Where the listing below reaches the line containing "Notícias de Coimbra", start writing out lines exactly, and stop once the line containing "VenmoI have a" has been written.
+++ RECORDS SHOWN
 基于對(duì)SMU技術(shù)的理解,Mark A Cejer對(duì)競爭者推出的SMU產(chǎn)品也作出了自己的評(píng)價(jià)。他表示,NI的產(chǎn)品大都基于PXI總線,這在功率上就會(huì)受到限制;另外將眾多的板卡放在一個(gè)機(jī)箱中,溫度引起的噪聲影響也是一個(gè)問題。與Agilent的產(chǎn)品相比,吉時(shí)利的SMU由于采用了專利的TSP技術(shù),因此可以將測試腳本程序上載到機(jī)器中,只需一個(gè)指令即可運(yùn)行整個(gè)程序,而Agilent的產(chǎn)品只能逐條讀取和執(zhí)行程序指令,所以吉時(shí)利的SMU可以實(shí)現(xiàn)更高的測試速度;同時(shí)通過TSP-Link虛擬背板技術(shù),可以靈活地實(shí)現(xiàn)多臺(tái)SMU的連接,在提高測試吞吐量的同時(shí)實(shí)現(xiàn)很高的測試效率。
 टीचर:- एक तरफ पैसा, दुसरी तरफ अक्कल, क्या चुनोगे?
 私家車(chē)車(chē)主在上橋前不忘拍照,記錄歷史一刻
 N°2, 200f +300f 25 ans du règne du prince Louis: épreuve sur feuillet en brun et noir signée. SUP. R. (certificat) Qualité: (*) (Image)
++++++
+++ RECORDS SHOWN
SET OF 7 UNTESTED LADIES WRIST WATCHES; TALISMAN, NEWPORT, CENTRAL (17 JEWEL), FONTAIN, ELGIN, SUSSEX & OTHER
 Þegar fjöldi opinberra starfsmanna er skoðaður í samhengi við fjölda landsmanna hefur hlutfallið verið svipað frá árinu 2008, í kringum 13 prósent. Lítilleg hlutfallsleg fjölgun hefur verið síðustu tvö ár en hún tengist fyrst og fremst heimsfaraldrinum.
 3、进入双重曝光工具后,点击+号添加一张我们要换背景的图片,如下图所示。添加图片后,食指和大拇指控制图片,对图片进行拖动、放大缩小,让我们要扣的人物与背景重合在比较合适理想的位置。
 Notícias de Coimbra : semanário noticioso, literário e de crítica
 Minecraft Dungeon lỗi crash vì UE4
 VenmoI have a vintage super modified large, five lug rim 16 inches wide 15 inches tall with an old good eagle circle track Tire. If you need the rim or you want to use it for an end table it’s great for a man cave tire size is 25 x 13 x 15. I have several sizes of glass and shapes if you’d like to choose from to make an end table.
++++++
+++ RECORDS SHOWN
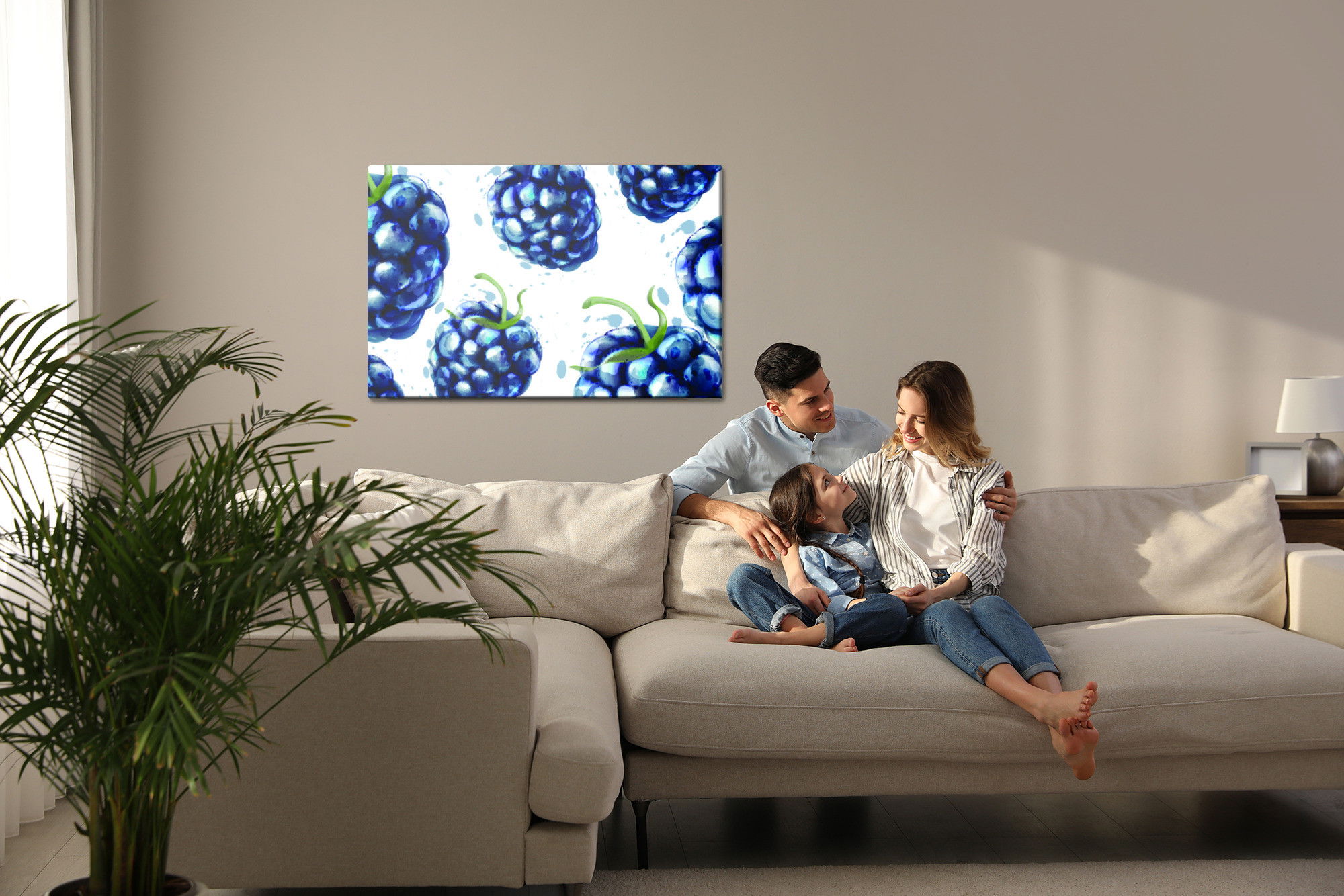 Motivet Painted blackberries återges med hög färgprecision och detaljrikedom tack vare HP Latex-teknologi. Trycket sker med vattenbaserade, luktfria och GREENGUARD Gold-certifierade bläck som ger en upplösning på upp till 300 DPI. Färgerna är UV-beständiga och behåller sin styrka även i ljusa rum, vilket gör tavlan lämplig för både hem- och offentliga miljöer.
++++++
EXPECTED OUTPUT.
 Notícias de Coimbra : semanário noticioso, literário e de crítica
 Minecraft Dungeon lỗi crash vì UE4
 VenmoI have a vintage super modified large, five lug rim 16 inches wide 15 inches tall with an old good eagle circle track Tire. If you need the rim or you want to use it for an end table it’s great for a man cave tire size is 25 x 13 x 15. I have several sizes of glass and shapes if you’d like to choose from to make an end table.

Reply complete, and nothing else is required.